## WHAT TO PRODUCE
Copy, from the material below, each line where "Madrid" shows up.

## DATA SECTION
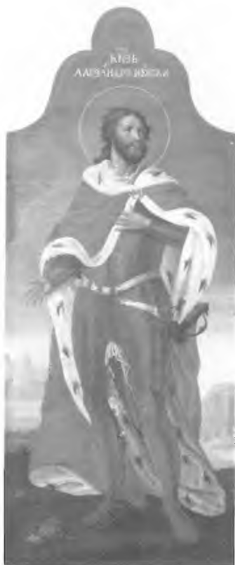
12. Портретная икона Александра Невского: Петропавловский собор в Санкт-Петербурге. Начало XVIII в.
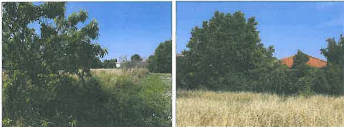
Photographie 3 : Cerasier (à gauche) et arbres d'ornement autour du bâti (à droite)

...

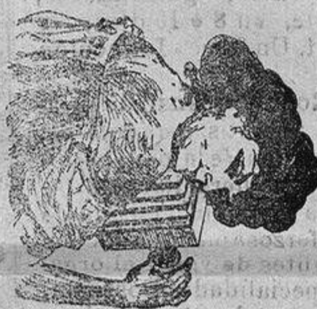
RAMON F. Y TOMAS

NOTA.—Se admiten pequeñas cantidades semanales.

--

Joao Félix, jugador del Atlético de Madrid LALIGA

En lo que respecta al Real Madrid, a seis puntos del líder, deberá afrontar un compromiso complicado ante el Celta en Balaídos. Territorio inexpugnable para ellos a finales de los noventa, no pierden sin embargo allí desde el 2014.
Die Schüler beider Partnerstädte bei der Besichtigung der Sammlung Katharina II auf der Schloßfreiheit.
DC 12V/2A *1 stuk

## EXERCISE SOLUTION
Joao Félix, jugador del Atlético de Madrid LALIGA
En lo que respecta al Real Madrid, a seis puntos del líder, deberá afrontar un compromiso complicado ante el Celta en Balaídos. Territorio inexpugnable para ellos a finales de los noventa, no pierden sin embargo allí desde el 2014.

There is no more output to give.